7. War is for stupid people. If you're in a war, you've fucked up. You have no excuse. Somehow, both sides have screwed up. Everybody involved is stupid, lazy and unable to think his or her way into the future realities. 

8. If your kid gets killed in a war, everybody who supports that war - for any reason, even if you support that war because you have some twisted idea you need to because it ate your kid - you are in collusion. 

9. Generals very often cannot retire at pension rank unless they've participated in a war, as part of their "career." War is their job, in their own heads. 

Happy Memorial Day - maybe next year, we'll have fewer new crosses, and fewer damaged or murdered women and children in the war zones.

Wednesday, November 06, 2013

Greens, Ghosts - and Fake Greens.

Goddesses just do what they want.
From about 1998-2002, I did a comic strip series, "Rental Goddess," for the magazine PanGaia. I forgot how many I'd done, because most of the pages went to San Diego State Special Collections. 
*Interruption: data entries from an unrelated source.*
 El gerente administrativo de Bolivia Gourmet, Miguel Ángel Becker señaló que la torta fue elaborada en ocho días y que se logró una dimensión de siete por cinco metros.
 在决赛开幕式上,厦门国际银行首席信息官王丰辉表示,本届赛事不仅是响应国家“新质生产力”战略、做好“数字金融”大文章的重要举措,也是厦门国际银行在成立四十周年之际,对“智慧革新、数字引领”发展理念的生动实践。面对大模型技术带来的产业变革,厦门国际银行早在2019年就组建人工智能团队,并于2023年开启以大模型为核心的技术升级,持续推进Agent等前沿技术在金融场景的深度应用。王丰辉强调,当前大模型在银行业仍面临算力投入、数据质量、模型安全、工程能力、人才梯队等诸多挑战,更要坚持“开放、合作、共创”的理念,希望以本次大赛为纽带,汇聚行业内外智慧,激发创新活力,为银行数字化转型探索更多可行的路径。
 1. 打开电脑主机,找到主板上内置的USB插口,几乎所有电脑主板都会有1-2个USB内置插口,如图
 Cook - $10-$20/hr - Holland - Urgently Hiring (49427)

So out of the blue, the proofreader for the magazine sends me paper copies of all the strips, including the introduction of the Deity Kun-Rah, Goddess of Not putting Up With Crap. Damn, these are funny. And what timing! As soon as my lovely new friend scans 'em, I can post 'em at Webcomicsnation

So I guess I'd better get to the work of Not Putting Up With Crap, because Kun-Rah says so, and I don't want to meet her third ritual.

There are two futures for all of us - and I do mean all.
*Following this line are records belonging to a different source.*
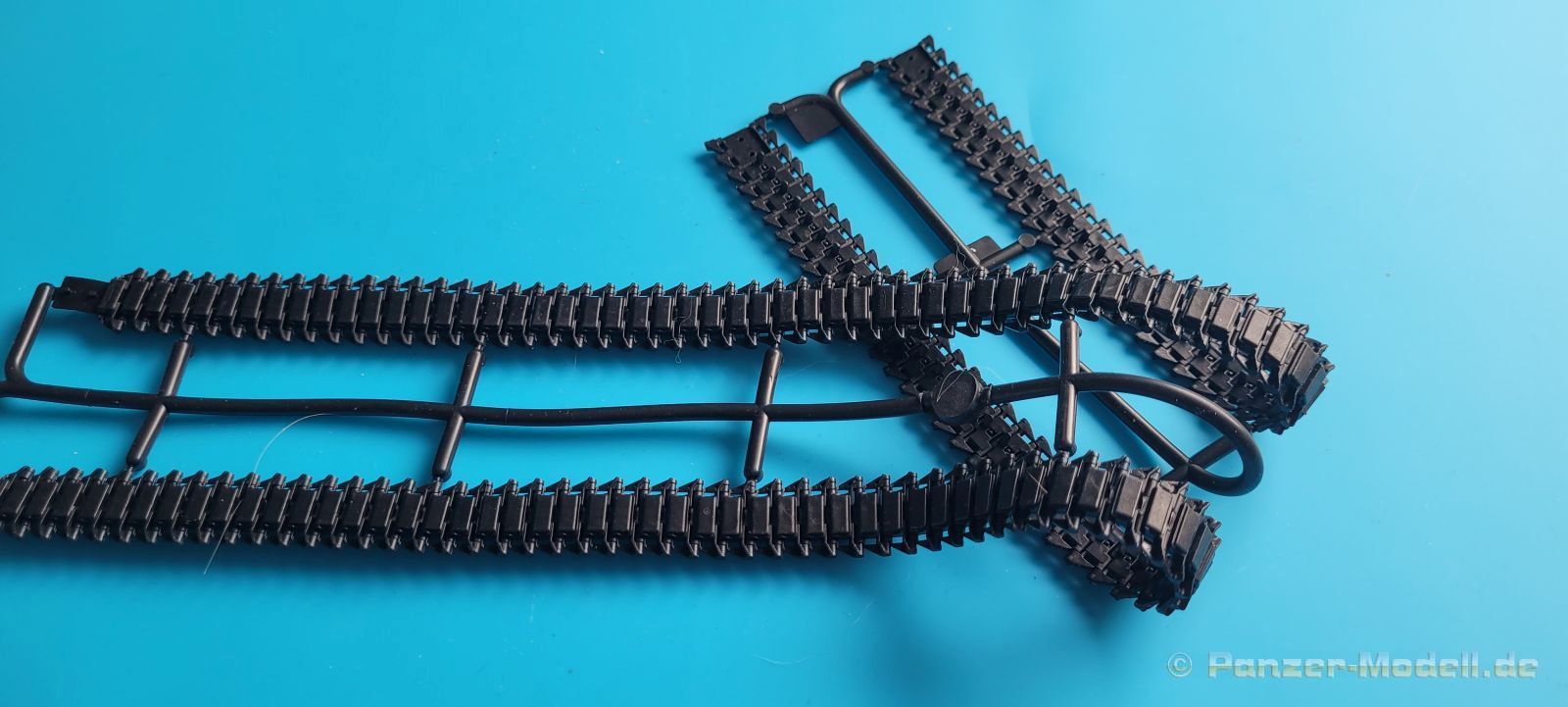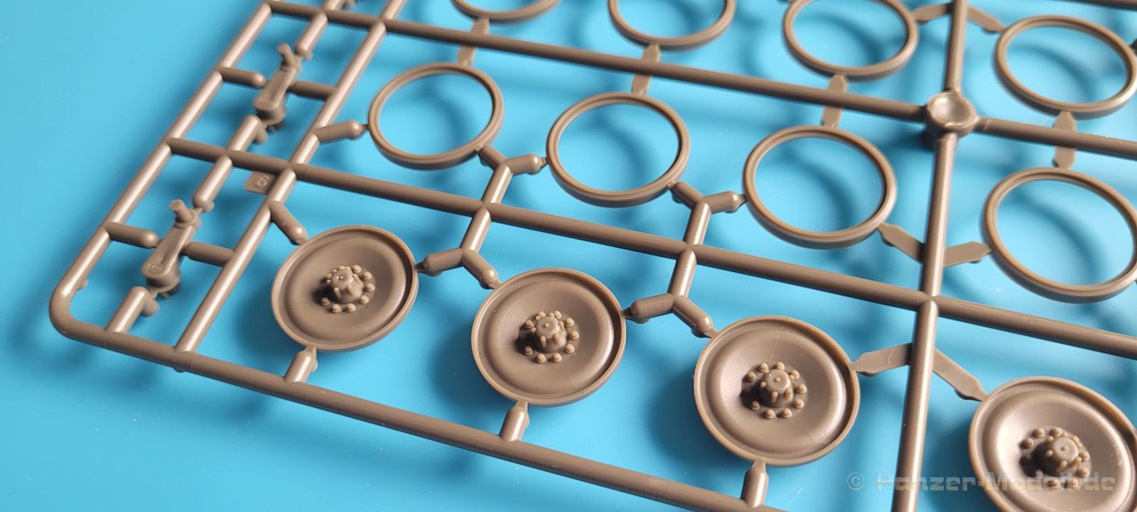 Die Laufrollen bestehen aus mehreren Teilen, wobei die Gummibandagen separat ausgeführt sind, dies verleiht nicht nur einen guten Tiefeneffekt, sondern erleichtert auch die Bemalung.
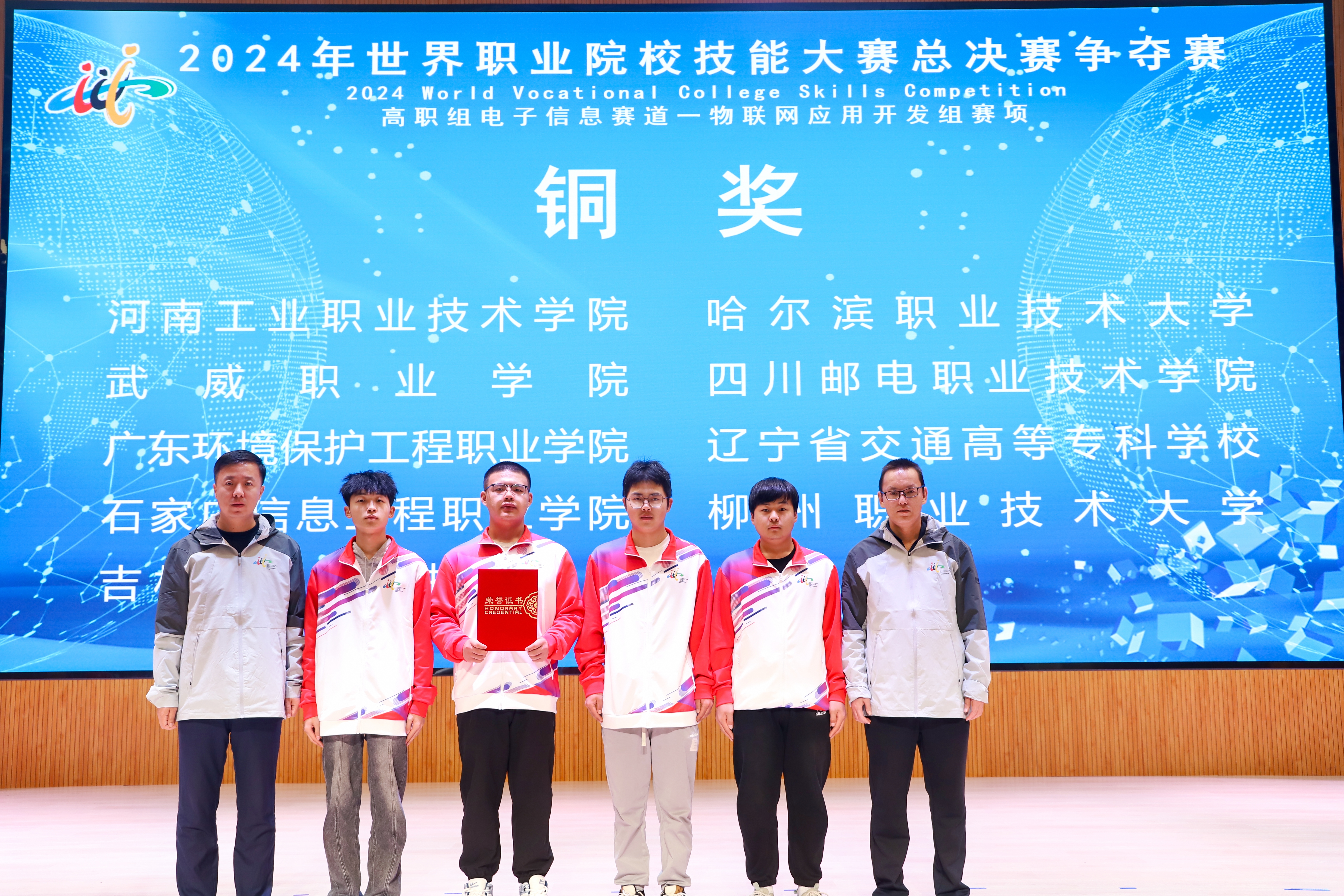 再傳喜訊∣學(xué)校在2024年世界職業(yè)院校技能大賽爭(zhēng)奪賽高職組電子信息賽道物聯(lián)網(wǎng)應(yīng)用開(kāi)發(fā)賽項(xiàng)中榮獲銅獎(jiǎng)
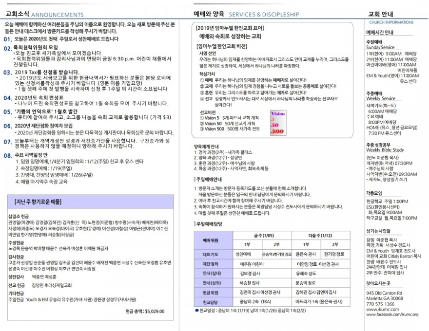 2020년 1월 5일 주일예배 주보 페이지 정보 작성자 임마누엘한인연합감리교회 댓글 0건 조회 5,246회 작성일 20-01-06 07:11 본문 2020년 1월 5일 주일예배 주보 목록 이전글2020년 1월 12일 주일예배 주보 20.01.13 다음글2019년 12월 29일 주일예배 주보 19.12.30

If you're a Green, if you really try to limit your footprint on the earth - regardless of how completely successful you may be - if you realize your position as a human on the earth, then you're going to survive, or at least the younger people around you have a better chance of survival. 

Admittedly, there will be a couple generations of misery, if any of us do make it, but we can remember who survived - and who didn't - and why. Greed will be of evil memory, and a terrible warning, the province of ghosts.

The Greeds will all be Ghosts. And your chances for making it into the future will depend on what you really do, not what you pretend to be. It doesn't matter if you're a Fake Green. A lot of Greeds are realizing it's good to come off as a Green. Why? Do they think we'll be more likely to feed them, in the coming bad days? Of course we shall - but their own shortcomings are taking out their DNA, even now.

But you can spot Fake Greens, because they don't walk the walk.

1. You may be all artsy, hippie-dippie and spiritual, but if you puff yourself up over your brother who killed a cougar, bragging how long its tail is (and how Freudian is THAT?), you're a Fake Green.

2. If the first thing out of your mouth about the end of food stamps in the US is how people in Australia showed up in sports cars to scam the system - assuming that, if a few people are butt-heads, everybody should starve - you're a Fake Green.

3. If you tell people nobody has to worry about local conditions - endangering their future - because your god told you "there would be no tsunami," you're definitely a Fake Green. And a mean one, at that.

4. You're Green, and you start "intellectual discussions" on why the 2nd Amendment can't be updated or nothin'? I think I'll just stick to the reason gunbillies are going to end up Ghosts; practicalities. I have a scary feeling they think they can get sulfur and saltpeter by just running down to the local garden store. They're all into the Frontier, but seem to forget the Frontier was the creep of civilization - and even Mountain Men had to come back in every 6 months or so to get flour, sugar, salt, coffee - and gunpowder. If the environment REALLY collapses back down onto a handful of gasping humans, we're going to all find out how hard it is to get salt, let alone sulfur. If you really want to be Green, you might want to start figuring out how to build a really good bow and arrow - by hand, not bought at Wal-Mart - or, more simply, learn to make nooses and nets and fishing line. Start now; it's not as easy as it looks, and takes a lot more time than you think.

On the other hand, if you don't think of yourself as Green, but you feed the poor, save animals, clean beaches, take only what you need and try to give back and be grateful, and can make a Hoko River splinter knife out of what you found on the beach - you're a Green. 

Greens party better, and we're going to survive. Come to the verdant side.